Neither of them has a public telephone. But people come from all
over to see the musicians who live there," remarked Cecilia
Ramírez of the Centre for the Development of Black Peruvian Women.
"There is a lot of racism. We don't exist on the political
agenda. If we compare ourselves with other countries in the
region, including those with smaller percentages of Afro-descendants,
practically nothing has been achieved here. If at least the fact
that we exist were recognized, that would be a huge step forward,"
Ramírez told IPS.
"The worst part is that Peruvians don't admit that they are
racist," said Bilbao. "There is a policy of hidden racism."
The workshop in Chincha was held as a follow-up to the World Conference
against Racism, Racial Discrimination, Xenophobia and Related Intolerance,
which took place in Durban, South Africa in 2001. The Conference
concluded with a series of recommendations to governments, such
as including Afro-descendant communities in policies on health,
education and the fight against poverty.
"It is sad and disheartening to say so, but in our country
none of this has been done," said Bilbao.
Joe Frans, with the U.N. Working Group of Experts on People of African
Descent, noted that in his country, Sweden, the government included
a commitment to combat discrimination and racism in its national
labor program, while agreeing to earmark one percent of gross domestic
product to development programs.
"Racism has two related elements, power and
difference.
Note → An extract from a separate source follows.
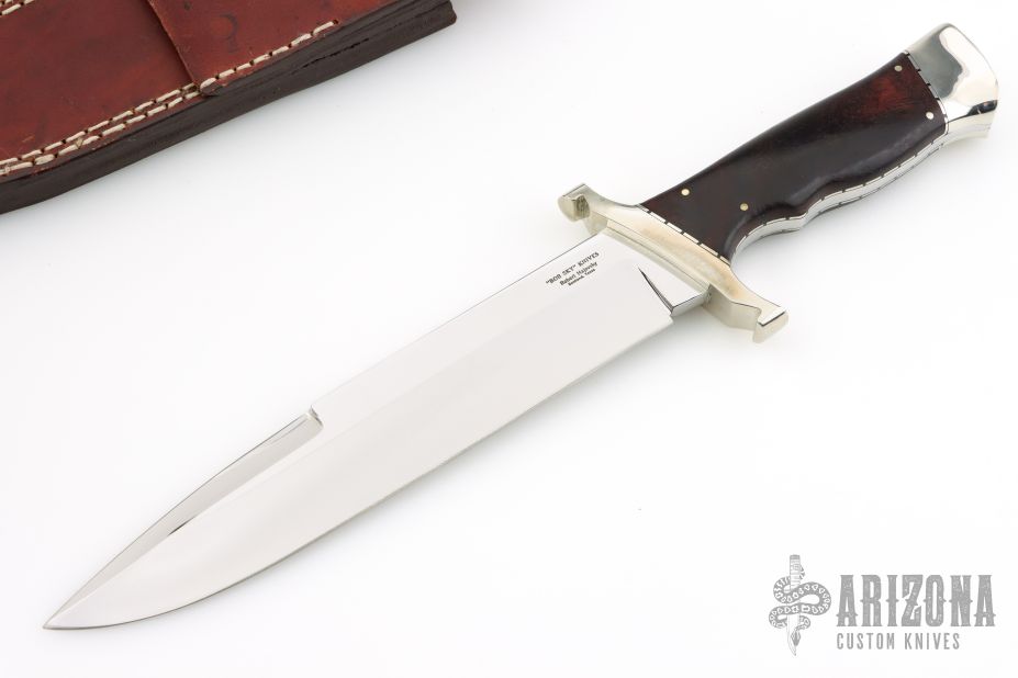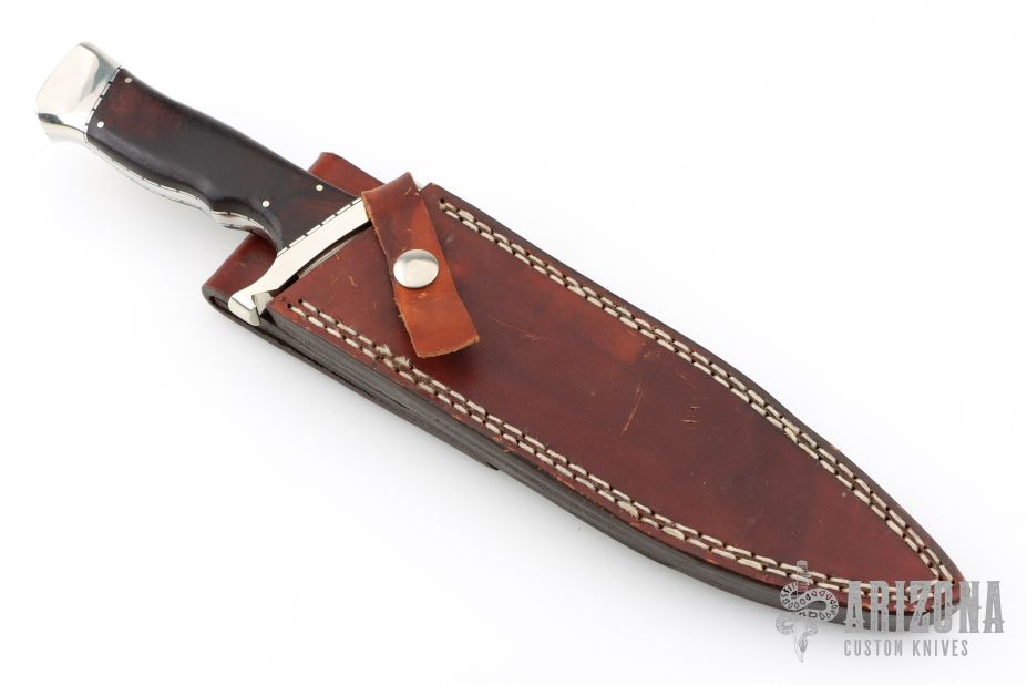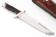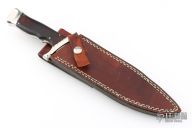 This knife by Bob Sky features a mirror finished spear point blade with sharpened top edge, .249" blade stock and 1.496" blade depth, full tapered tang construction. The handle has nickel silver guard and rear bolsters, dark wood scales, fileworked nickle silver liners and pins. Comes with a brown leather sheath. Excellent condition.

There is a mentality that makes us see others as different,
and that becomes a motive to use power to treat others in the worst
way possible," said Frans.
U.N. special rapporteur on contemporary forms of racism, racial
discrimination, xenophobia and related intolerance, Doudou Dične
of Senegal, said that the nations of Latin America had been built
on structures that discriminate against indigenous and black communities.
"The Latin American countries have not managed to express multiculturalism
in power and in government," Dične commented to IPS. "The
case of Peru is particularly striking in comparison with other countries.
Here there is not even any legal or political strategy to fight
racism. There is an enormous amount to be done."
And although the recent week's workshop was devoted specifically
to the challenges faced by Afro-descendants, the scourge of discrimination
is suffered by both the "Inga" and "Mandinga"
descendants of Peru.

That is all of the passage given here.